5. Multi-Reader Multi-Case (MRMC) Comparative Effectiveness Study
No MRMC comparative effectiveness study was done. The document explicitly states: "No clinical trials have been performed." The device is an infusion pump accessory software for medication management, not a diagnostic imaging device that typically requires MRMC studies.
6. Standalone Performance Study
No standalone performance study in the typical sense of algorithm-only performance without human interaction was conducted. The device is software designed to be used by trained healthcare professionals to facilitate communication and automate programming, meaning human-in-the-loop interaction is inherent to its intended use. The validation focused on the software meeting design requirements and human factors.
7. Type of Ground Truth Used
The "ground truth" for this device's validation was based on:
- Design Specifications and Requirements: The software's performance was evaluated against its pre-defined design inputs and user needs.

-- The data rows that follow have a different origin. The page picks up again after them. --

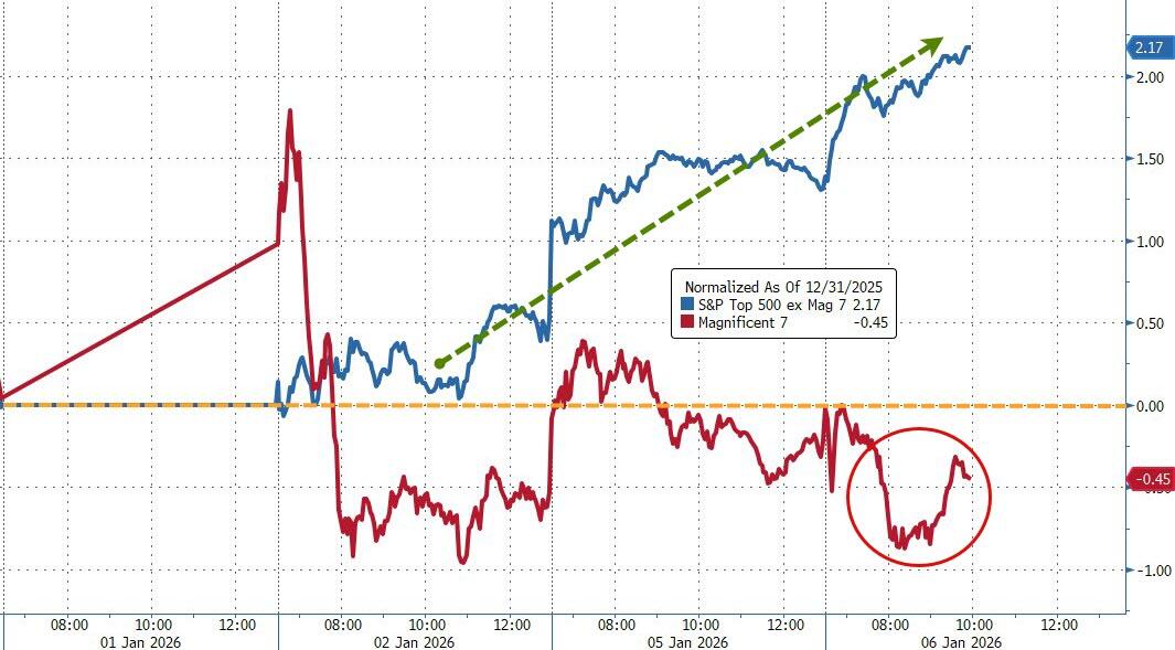 市场结构正在发生显著变化。进入2026年以来,包括英伟达、苹果、微软、谷歌母公司Alphabet、亚马逊、特斯拉和Meta在内的“科技七巨头”(Mag7)总体累跌约0.5%,而标普500指数中的其余493只成分股总体累涨2.5%。随着投资者开年重新配置资产,工业、医疗保健和科技板块年初三个交易日表现突出。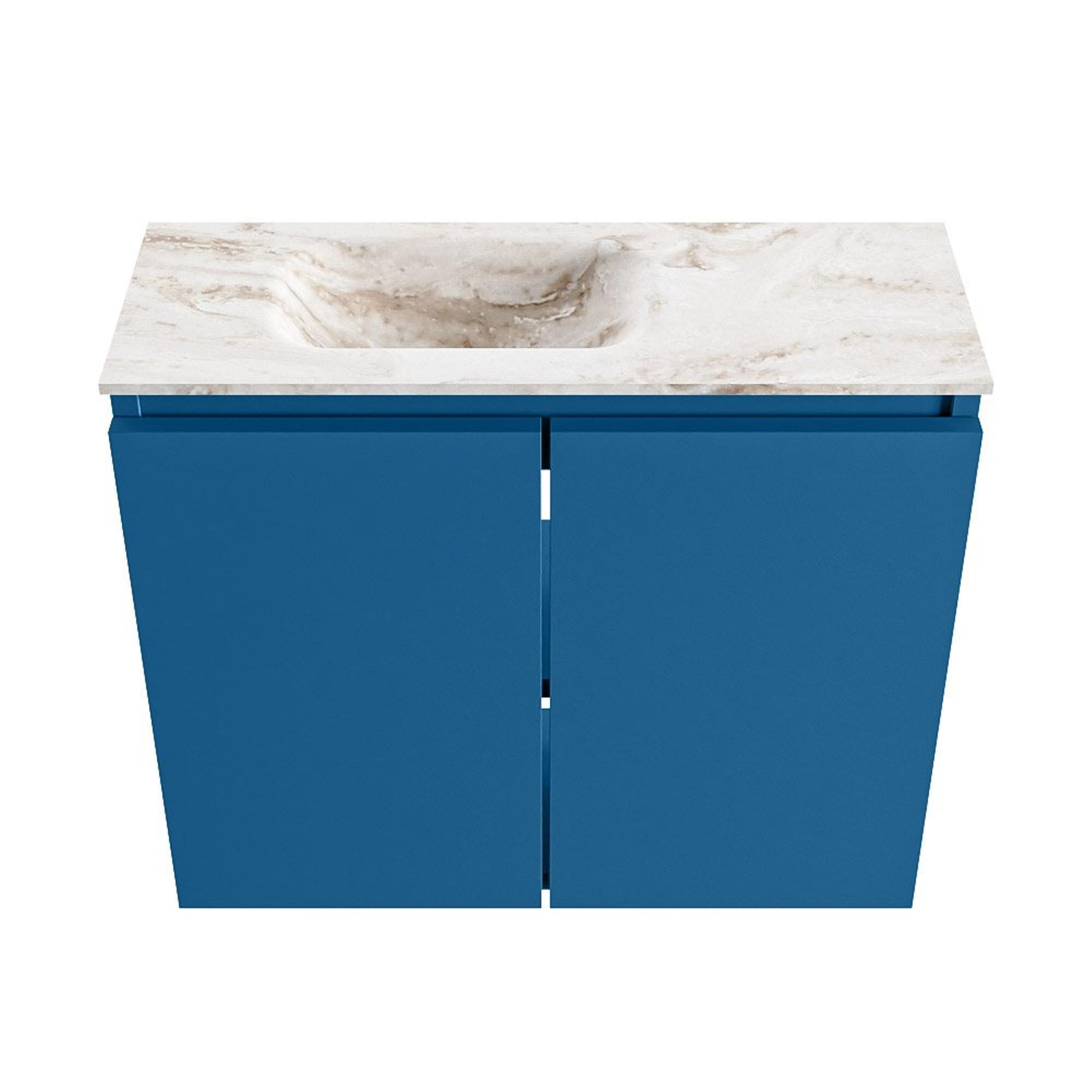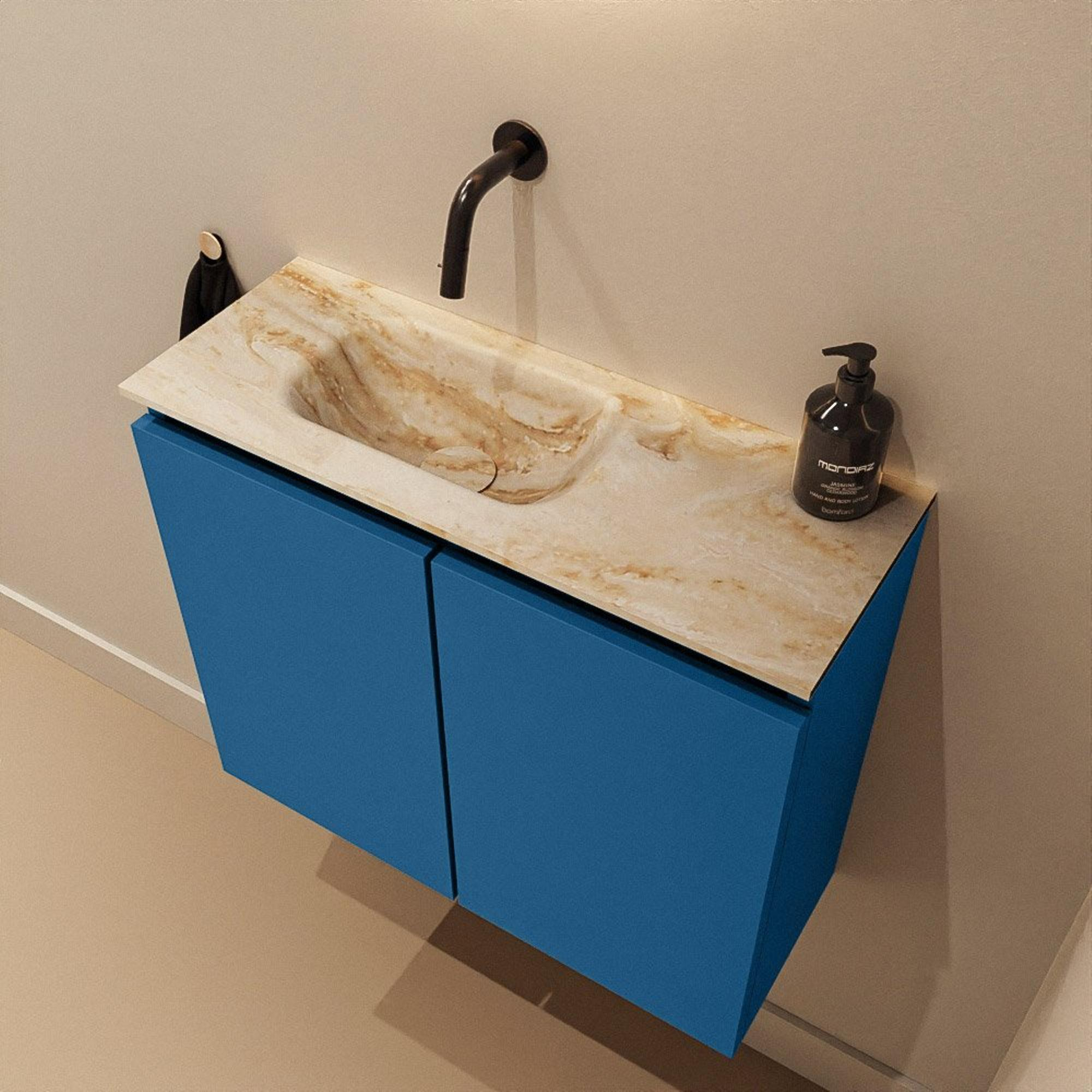 MONDIAZ TURE-DLUX Meuble de toilettes 60 cm Jeans. EDEN lavabo Frappe position gauche. Sans trou de robinet.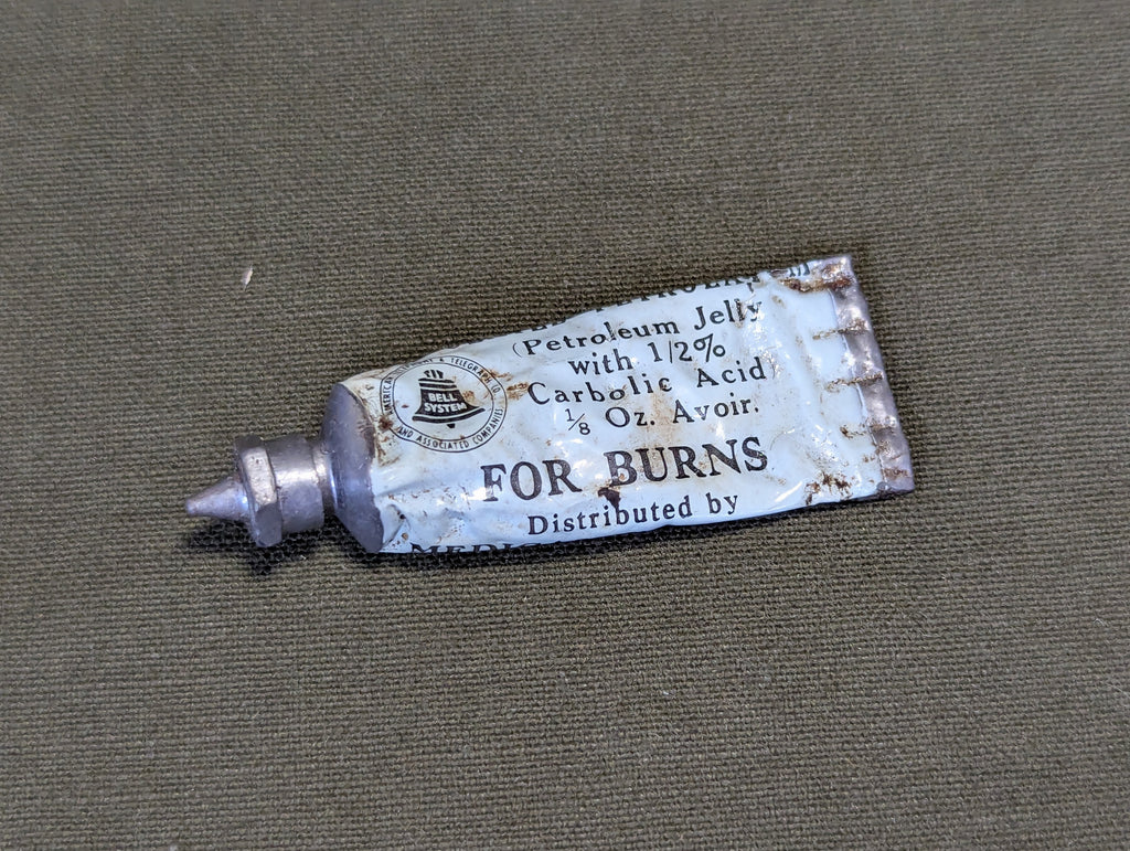 Vintage WWII small tube of petroleum jelly for burns. Bell System logo. Ok condition, has been used. General wear and dirt. Some of the jelly may have gotten on the tube, so it may be a bit greasy.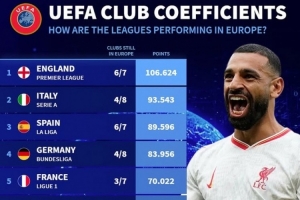 體育資訊2月22日訊 歐戰(zhàn)淘汰賽附加賽戰(zhàn)罷,歐足聯(lián)也更新了各大聯(lián)賽的五年歐戰(zhàn)積分情況,英超居首,意甲、西甲、德甲、法甲排名二到五位。

- Risk Analysis Outcomes: Demonstrating that identified risks were acceptably mitigated.
- User Performance in Human Factors Studies: Validating the effectiveness of use-related error mitigations during interaction with the software.
8. Sample Size for the Training Set
Not applicable. The document describes a software update to an existing medical device, not a machine learning or AI model that requires a "training set" in the traditional sense. The development likely involved standard software engineering practices and testing, rather than an AI training paradigm.
9. How the Ground Truth for the Training Set Was Established
Not applicable. As no training set for a machine learning model was described, there is no information on how its "ground truth" would be established.
§ 880.5725 Infusion pump.
(a)
Identification. An infusion pump is a device used in a health care facility to pump fluids into a patient in a controlled manner. The device may use a piston pump, a roller pump, or a peristaltic pump and may be powered electrically or mechanically. The device may also operate using a constant force to propel the fluid through a narrow tube which determines the flow rate. The device may include means to detect a fault condition, such as air in, or blockage of, the infusion line and to activate an alarm.(b)
Classification. Class II (performance standards).